Updated

One of the Senate’s most vocal opponents of granting undocumented immigrants a path to legal status has filed an amendment that would elevate being in the United States illegally from a civil violation to a federal crime.

Sen. Jeff Sessions, a Republican from Alabama, filed the amendment to a sweeping bipartisan immigration reform bill that is under debate on the Senate floor.

It is based on a measure that a House committee passed on Tuesday. That bill is the Strengthen and Fortify Enforcement (SAFE) Act, which gives state and local police the power to act as quasi-immigration agents and arrest immigrants who are in the country illegally. It also allows states to enact their own immigration laws, such as Arizona, for instance, did a few years ago.

The Senate bill, drafted by the so-called “Gang of Eight,” four Democrats and four Republicans, at its core tightens border security, expands guest worker visas and provides a pathway to legal status to many of the nation’s 11 million undocumented immigrants.

“The Gang of Eight plan not only would effectively create an immediate amnesty for those here illegally today but a permanent de facto amnesty for future illegal aliens who arrive tomorrow,” Sessions said.

“The SAFE Act moves in the opposite direction,” Sessions said in a statement. “It empowers our immigration officers with the tools and resources they need to ensure future lawfulness in our immigration system. The House Judiciary Committee worked with the law enforcement community to produce this legislation—the Gang of Eight worked with the special interests to craft provisions to further handcuff law enforcement from doing their jobs.”

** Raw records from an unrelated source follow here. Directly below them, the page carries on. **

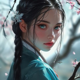 Внезапно со стороны школы доносится быстрый топот ног, и уже через десяток ударов сердца к нам подбегает совсем юная девушка. Она отличается редкой красотой, словно сошла со старинной гравюры. Изящные черты лица дополняет шелковистая чёрная коса. Глаза цвета лазури сияют умом и добротой. Лин двигается тихо и плавно, как река, что течёт по зелёной равнине. Чаще всего её голос звучит мягко, но в моменты открытых конфликтов в нём прорывается внутренняя сила. Она – человек с покладистым и незлобивым характером, поэтому нередко помогает жителям деревни в их хлопотах.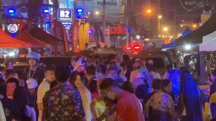 Gisteravond trokken grote menigten naar onder meer Na Muang Road, Ruenrom Road en Srichan Road, waar het “Sticky Rice Road Songkran Festival” werd opgebouwd. Mensen stonden aan weerszijden van de wegen en zaten in de achterbakken van pick‑uptrucks, while ze elkaar natspetterden terwijl muziek uit tijdelijke podia van lokale ondernemers klonk. DJ’s hielden de sfeer erin en trokken zowel lokale bewoners als toeristen.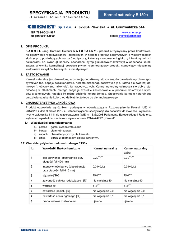 SPECYFIKACJA PRODUKTU Karmel naturalny E 150a (Caramel Colour Specification) CHEMET Sp. z o.o. ♦ 62-064 Plewiska ♦ ul. Grunwaldzka 544 NIP 781-00-24-987 Regon 008152809 www.chemet.pl e-mail: [email protected] 1. OPIS PRODUKTU K A R M E L (ang. Caramel Colour) N A T U R A L N Y - produkt otrzymywany przez kontrolowane ogrzewanie węglowodanów (dostępnych w handlu środków spożywczych o właściwościach słodzących, posiadających wartość odżywczą, które są monomerami glukozy i fruktozy lub ich polimerami, np. syrop glukozowy, sacharoza, syrop glukozowo-fruktozowy) w obecności katalizatora. W wyniku karmelizacji powstaje płynny, ciemnobrązowy produkt, stanowiący mieszaninę wielorakich związków barwnych i aromatycznych. 2. ZASTOSOWANIE Karmel naturalny jest dozwoloną substancją dodatkową, stosowaną do barwienia wyrobów spożywczych (np. napoje bezalkoholowe, herbata mrożona), paszowych (np. karma dla zwierząt domowych), używek (np. alkohole), farmaceutycznych. Karmel naturalny odznacza się dobrą stabilnością w alkoholach, dlatego znajduje szerokie zastosowanie w produkcji kolorowych wyrobów alkoholowych, nadając im różne odcienie koloru żółtego. Stosowanie karmelu naturalnego umożliwia uzyskanie koloru od delikatnie żółtego do ciemnobrązowego. 3. CHARAKTERYSTYKA JAKOŚCIOWA Produkt odpowiada wyróżnikom podanym w obowiązującym Rozporządzeniu Komisji (UE) Nr 231/2012 z dnia 9 marca 2012 r., ustanawiającemu specyfikacje dla dodatków do żywności, wymienionych w załączniku II i III do rozporządzenia (WE) nr 1333/2008 Parlamentu Europejskiego i Rady oraz wybranym wyróżnikom zamieszczonym w normie PN-A-74772 „Karmel”. 3.1. Właściwości organoleptyczne: a) postać gęsta, syropowata ciecz, b) barwa ciemnobrązowa, c) zapach charakterystyczny dla karmelu, gorzki z posmakiem słodko-kwaśnym. d) smak 3.2. Charakterystyka karmelu naturalnego E150a Ip. Wyróżniki fizykochemiczne Karmel naturalny Karmel naturalny extra 1 siła barwienia (absorbancja przy długości fali 420 nm) 0,20 ±0,03 0,30 ±0,03 2 intensywność barwy (absorbancja przy długości fali 610 nm) 0,01÷0,12 0,01÷0,12 3 stężenie [°Bx] 75,0±1,0 75,0±1,0 4 zawartość cukrów redukujących [%] nie mniej niż 40 nie mniej niż 40 ±0,7 4 ,2 ± 0 , 7 5 wartość pH 4 ,2 6 zawartość popiołu [%] nie więcej niż 2,0 nie więcej niż 2,0 7 zawartość azotu ogólnego [%] nie więcej niż 0,1 nie więcej niż 0,1 8 próba testowa z alkoholem ujemna ujemna 27.09.2013 r. CHEMET Sp. z o.o. 1/3 SPECYFIKACJA PRODUKTU (Caramel Colour Specification) Karmel naturalny E 150a 3.3 Zawartość metali szkodliwych dla zdrowia Zawartość metali szkodliwych dla zdrowia nie może przekraczać: a) arsenu : 1 m g/kg b) ołowiu : 2 mg/kg c) kadmu : 1 m g/kg d) rtęci : 1 m g/kg 4. BADANIA Producent przeprowadza badania pełne raz na rok lub w przypadku zmian w procesie technologicznym. Badania niepełne wykonuje się w każdej partii produkcyjnej. 4.1. Badania pełne Badania pełne obejmują oznaczenia wg pkt. 3.1; 3.2; 3.3. 4.2. Badania niepełne Badania niepełne obejmują oznaczenia wg pkt. 3.1; 3.2 a), c), d), e). 5. INFORMACJA ŻYWIENIOWA Wartość energetyczna w 100 g Węglowodany [%] w tym cukry GMO Alergeny - : : : 775 kJ/182 kcal 45 40 produkt nie zawiera GMO. produkt nie zawiera składników alergennych. 6. PODSTAWA PRAWNA • Rozporządzenie Parlamentu Europejskiego i Rady (WE) nr 1333/2008 z dnia 16 grudnia 2008 r. w sprawie dodatków do żywności. • Rozporządzenie Parlamentu Europejskiego i Rady (WE) nr 1331/2008 z dnia 16 grudnia 2008 r. ustanawiające jednolitą procedurę wydawania zezwoleń na stosowanie dodatków do żywności, enzymów spożywczych i środków aromatyzujących. • Rozporządzenie Ministra Zdrowia z dnia 23 grudnia 2010 r. w sprawie specyfikacji i kryteriów czystości substancji dodatkowych. • Compendium of Food Additive Specification FAO/WHO Expert Committee on Food Additives, 74th Meeting 2011. • Rozporządzenie Komisji (UE) Nr 231/2012 z dnia 9 marca 2012 r. ustanawiające specyfikacje dla dodatków do żywności wymienionych w załączniku II i III do rozporządzenia (WE) nr 1333/2008 Parlamentu Europejskiego i Rady. 7. PAKOWANIE Karmel rozlewany jest w następujące opakowania: ü pojemniki o masie netto 1 kg, ü wiadra z polipropylenu lub z polietylenu o masie netto 12 lub 40 kg, ü paleto-pojemniki z HDPE o masie netto od 800 do 1200 kg lub inne pojemniki - w uzgodnieniu z odbiorcą. 8. ETYKIETA Na opakowaniach umieszcza się etykietę zawierającą następujące dane: nazwę i adres producenta, oznaczenie produktu, nr normy, masę netto w kg, numer partii, datę mini- „najlepiej spożyć przed końcem…”, informację: „barwnik przeznaczony do produkcji środków spożywczych”. malnej trwałości poprzedzonej wyrazami 27.09.2013 r. CHEMET Sp. z o.o. 2/3 SPECYFIKACJA PRODUKTU (Caramel Colour Specification) Karmel naturalny E 150a 9. OKRES PRZYDATNOŚCI I WARUNKI PRZECHOWYWANIA • Okres przydatności do spożycia - 12 miesięcy od daty produkcji w nieotwartych opakowaniach. • Warunki przechowywania - w pomieszczeniach magazynowych zamkniętych. Przechowywać w temperaturze pokojowej w szczelnie zamkniętych opakowaniach, chronić przed działaniem światła i powietrza, nie zamrażać. Magazyny powinny być suche, czyste, bez obcych zapachów i zabezpieczone przed szkodnikami. Data opracowania: 27.09.2013 r. Data aktualizacji: 01.02.2017 r. */ W przeliczeniu na ekwiwalent bazy barwnika, tzn. w przeliczeniu na produkt o intensywności barwy wynoszącej 0,1 jednostek absorbancji. 27.09.2013 r. CHEMET Sp. z o.o. 3/3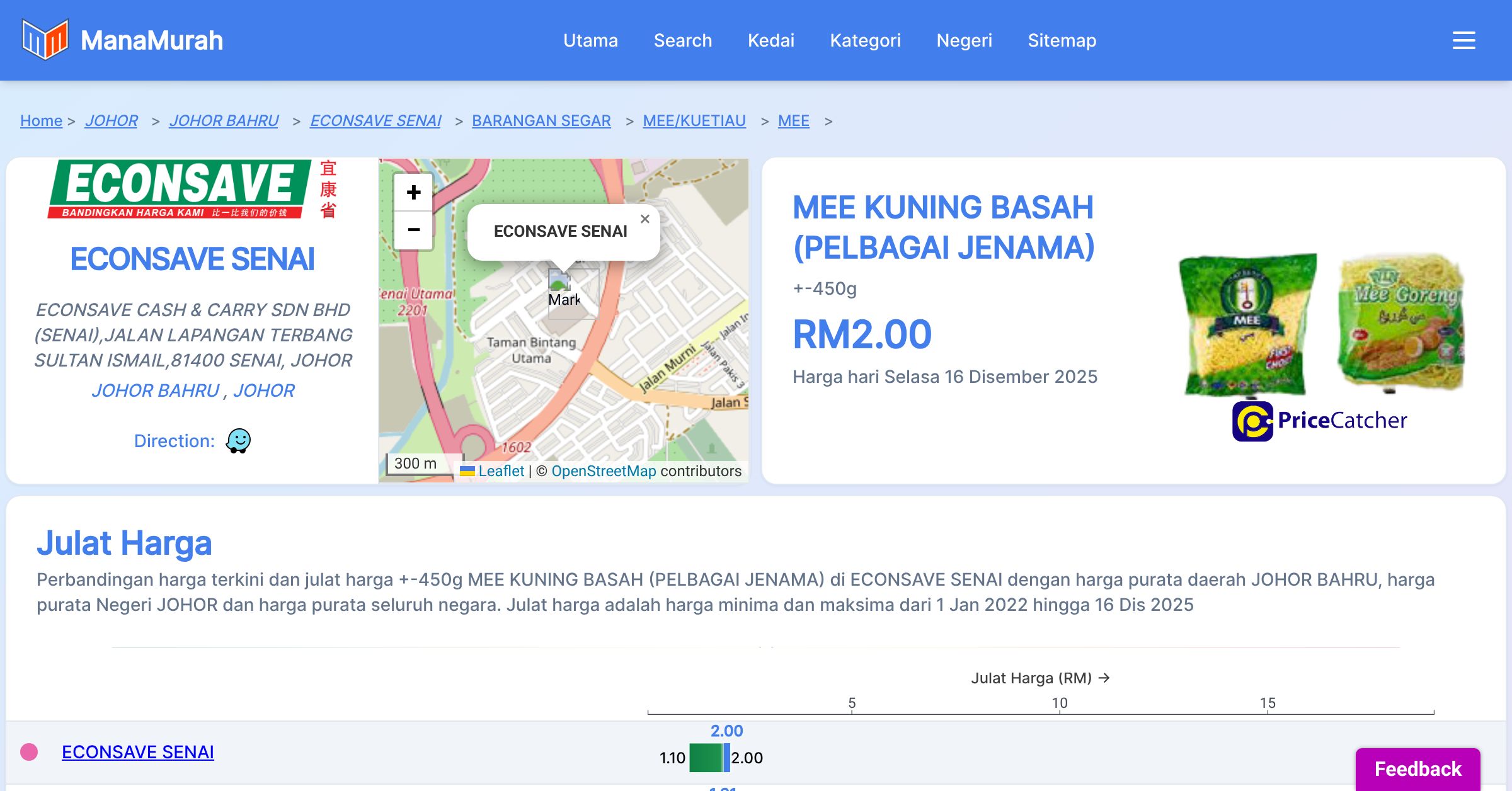 Perubahan harga purata mingguan +-450g MEE KUNING BASAH (PELBAGAI JENAMA) di ECONSAVE SENAI berbanding harga purata mingguan daerah JOHOR BAHRU, harga purata mingguan negeri JOHOR dan harga purata mingguan seluruh negara sehingga 16 Dis 2025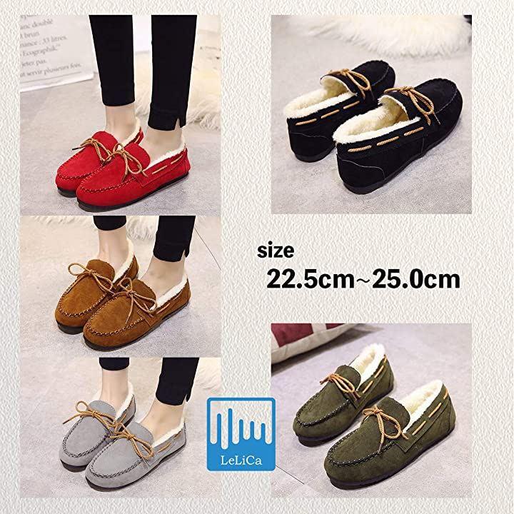 フラットヒールで歩きやすく、ムートン調のボアに包まれて、足元暖か。素足でもタイツでも履きやすく、寒い時期にピッタリのモカシンシューズです。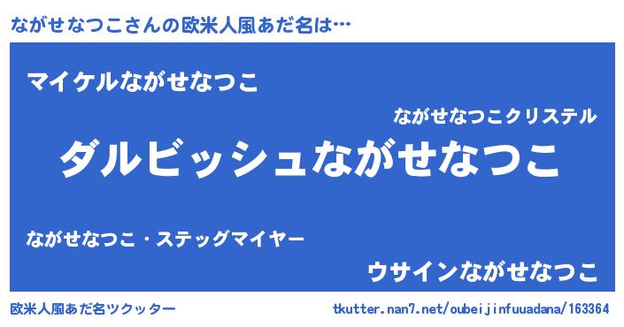 | 女子向けラノベタイトル風あだ名 | 『異世界で失敗しない100のながせなつこ』 |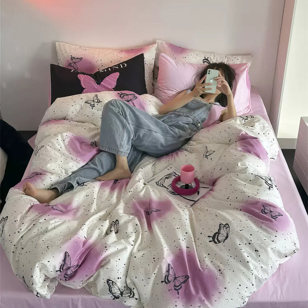 Podnieś estetykę swojej sypialni na wyższy poziom dzięki tej pościeli z motywem vintage motyli w stylu y2k. Idealnie wpasuje się w pokoje utrzymane w estetyce y2k, coquette, cottagecore oraz wielu innych modnych stylach.

Opponents of the SAFE Act say it is wrong to treat undocumented immigrants as criminals, and that many come to flee poverty or civil strife at home, and to contribute to the United States. They say that making police quasi-immigration agents will make communities less safe by dissuading immigrants from contacting law enforcement agencies when they are victims of, or witnesses to, a crime.

The House Judiciary Committee approved the bill, which was sponsored by Rep. Trey Gowdy, a Republican from South Carolina, late Tuesday night on a party-line vote of 20 to 15.

Unlike the Senate, the House is approaching immigration reform in a piecemeal way, with separate bills that address various aspects of the issue.

Democrats called the bill a dangerous retread of a similarly tough enforcement measure that sparked mass protests around the country in 2006. Reading the SAFE Act bill, "you would think there are 11 million criminals in the United States," said Rep. Luis Gutierrez, D-Ill, one of Congress’s most vocal proponents for a measure that would provide a pathway to legalization for undocumented immigrants.

Among other amendments introduced in the Senate on immigration were several by Ted Cruz, a Republican from Texas, that would bolster border security, increase high-skilled temporary worker visas five-fold, streamline the legal immigration process, and deny welfare and citizenship to undocumented immigrants who obtain a provisional legal status under the current Senate immigration reform bill.